More than a quarter of a million people face the freezing Syrian winter with limited food and clean water, as renewed Syrian and Russian airstrikes stretch medical resources beyond the breaking point.

Since the conflict began in March 2011, hundreds of thousands of lives have been lost and millions of people have been displaced from their homes in Syria. And with the recent launch of a major Syrian-Russian military offensive, this humanitarian crisis has worsened. From the start of the offensive in late July, Aleppo residents have only had intermittent access to clean water through the public network, and have been forced to rely on wells and water supplied by truck, which can be unsafe and even contaminated. Food rations have almost run out, threatening mass starvation, and medical supplies in the area are scarce, made worse by attacks on hospitals. However, no international aid convoys have been able to reach East Aleppo since late July.

“The situation is extremely dire. Medical supplies will not last more than a few weeks now that the airstrikes have resumed and the city is under siege. The few remaining medical staff are exhausted and overwhelmed. The city doesn’t have fuel or other sources of energy. And without fuel, electric generators and ambulances cannot function. We have to act now before it’s too late,” said Dr. Ahman Tarakjui, the Syrian American Medical Society (SAMS) president.

In order to significantly increase and improve access to clean water across the city of Aleppo, Oxfam is helping to install a new generator at the city’s main water station. This generator, along with another installed by Oxfam earlier this year, will pump water to all of Aleppo’s residents even when the power supply is cut off.

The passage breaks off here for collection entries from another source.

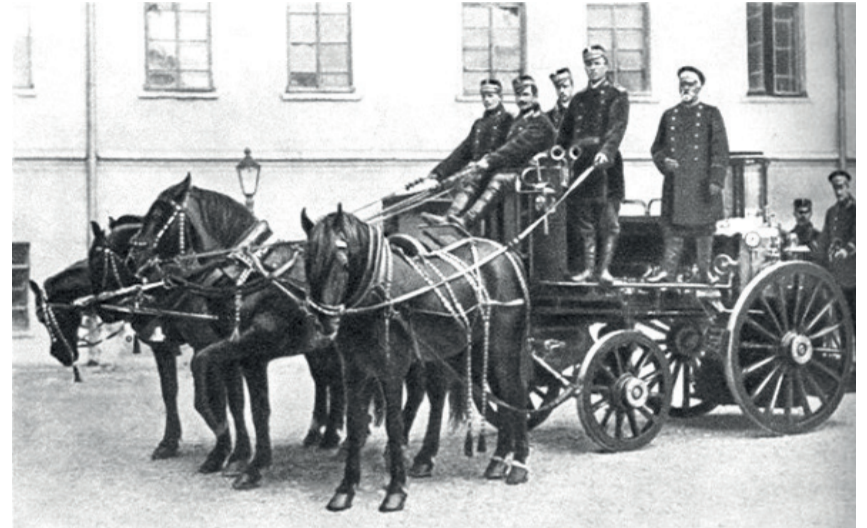
МОСКОВСКИЕ ПОЖАРНЫЕ XIX в.

* В 1971 году при бурении разведочной скважины в Туркменистане геологи наткнулись на подземную полость. Образовался провал, заполненный газом, в который опустилась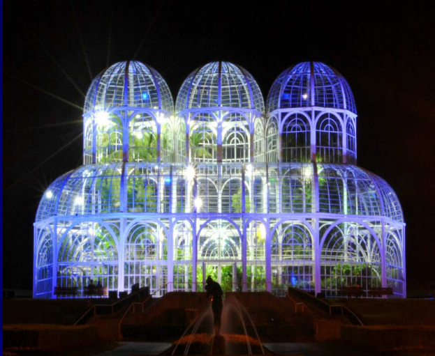
O Palácio Iguçu e a estufa do Jardim Botânico colorido de azul

Divulgação no jornal da Ordem dos Advogados/ PR - 28/07/14 - Curitiba.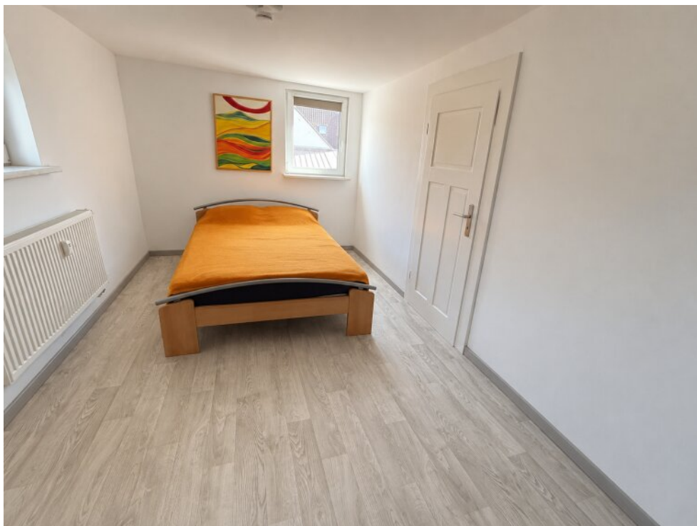
ChatGPT Image 21. Mai 2026, 11_22_13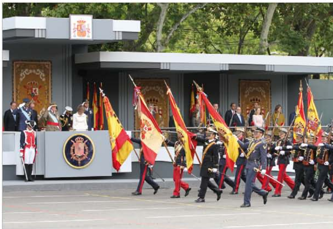
Banderas y Estandartes a su paso por la tribuna, en la plaza de Cánovas del Castillo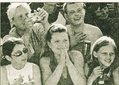
Равнодушных на празднике не было.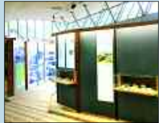
Ausstellung zur Geschichte des Kalksteins im Otto-Torell-Haus.

Der Museumspark ist längst zum Begriff geworden und lockt jährlich viele Besucher in die Gemeinde, die im Freiluftmuseum eine Reise durch die Zeit unternehmen können. Auf einem Areal, das etwa 17 Hektar umfasst, können große und kleine Besucher die beeindruckenden Industriedenkmäler der Baustoffindustrie entdecken. Der Besuch im Museumspark wird zu einer Reise, bei der man die Gewinnung und Verarbeitung von Kalkstein kennen lernt. Von den Anfängen der Kalkgewinnung, der Nutzbar-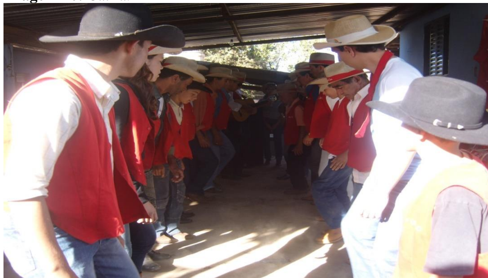
Imagem 20: Catira.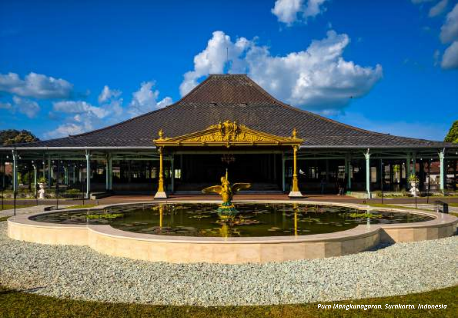
Pura Mangkunagaran, Surakarta, Indonesia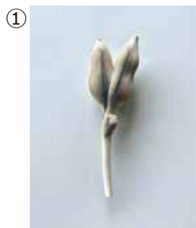
① 佐藤ミチヒロ ブローチ ※参考作品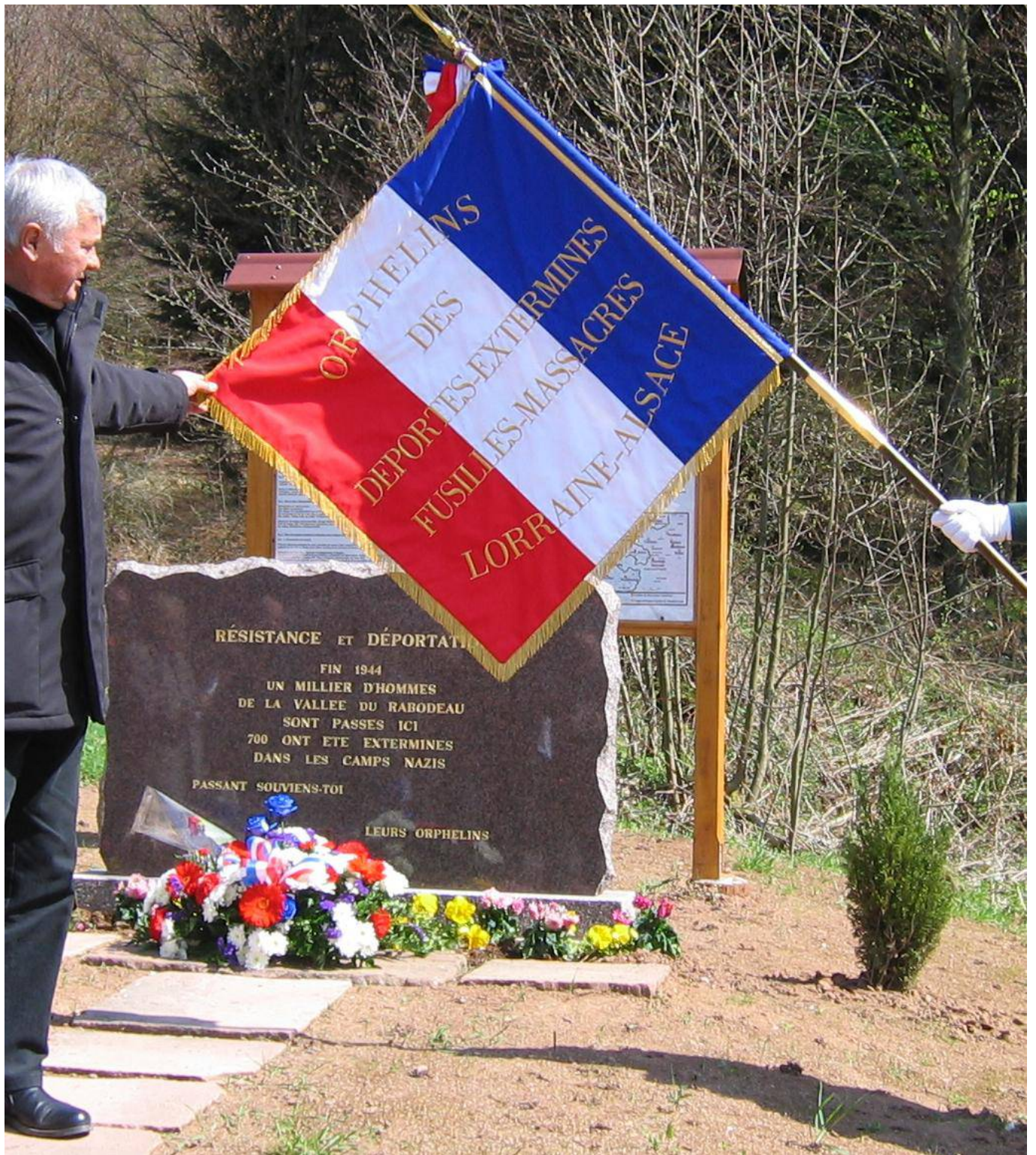
Stèle du col du Hantz (2004)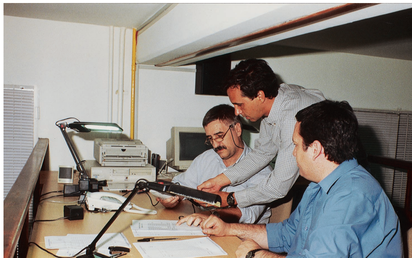
Centro de comunicaciones de Emergencias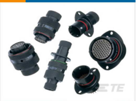
TE 产品编号ASL606-05SN-HE952K PLUG ASSY.MICRO MK3. 952K.FUEL IMMERSIBL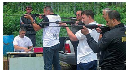
Учасники змагань на вогневому рубежі

В Ужгороді за активної допомоги обласної ради ФСТ «Україна» (голова Владислав Кушнірчук) відбулися фінальні змагання ІХ обласної спартакіади працівників закладів та установ освіти, в яких взяли участь збірні команди міст і районів Закарпаття. Їм передували змагання в колективах фізкультури, міських і районних організаціях, кушові турніри з міні-футболу, чоловічого та жіночого волейболу.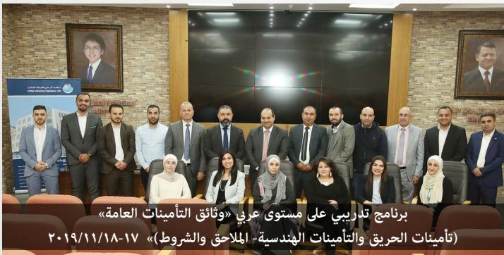
برنامج تدريبي على مستوى عربي «وثائق التأمين العامة» (تأمينات الحريق والتأمينات الهندسية- الملاحق والشروط) ٢٠١٩/١١/١٨-١٧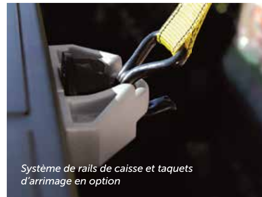
Système de rails de caisse et taquets d'arrimage en option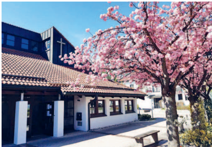
Evangelisches Gemeindezentrum in Unterföhring.

Herzliche Einladung zu diesem wichtigen Gemeindeabend am Dienstag, 19. Mai um 19.30 Uhr im evangelischen Gemeindezentrum der Rafaelkirche an der St. Florian-Straße 3. An diesem Abend wird der Kirchenvorstand uns über die aktuelle Situation unserer Kirche informieren. Welche Ideen und welche Schritte bereits gemacht wurden bzw. geplant sind. Darüber hinaus möchten wir mit Ihnen ins Gespräch kommen, denn Ihre Meinung ist gefragt und ist uns wichtig! Wir heißen sehr gerne alle Interessierten willkommen!

“The two generators that Oxfam has provided should help provide a more consistent supply of clean water to Aleppo’s nearly two million residents. But food and medical supplies remain blocked. Clean water is vital, but it won’t stop starvation, never mind protect people from indiscriminate aerial attacks,” said Andy Baker, Oxfam’s lead for the Syria crisis response.

With ongoing airstrikes and bombardments targeting health facilities, the medical situation is on the brink of collapse in East Aleppo. According to SAMS, there are only 29 doctors left in the area, and the children of East Aleppo have not had access to critical vaccinations.

Despite two announcements by the Russian military of a ceasefire, and the opening of humanitarian corridors, very limited aid has been able to reach East Aleppo and no medical evacuations have taken place. Russia dismissed longer pauses requested by the UN, and Syrian airstrikes have resumed on the area after a pause that lasted nearly a month.

Oxfam calls for a complete halt in the fighting, an end to airstrikes and indiscriminate bombardment, and a lifting of the siege to allow aid into East Aleppo, and people to leave the city safely.


Moreover, as Syrian refugees increasingly wonder whether they'll still be welcome in the US, we must keep our hearts and our doors open to some of the world’s most vulnerable people in their time of need.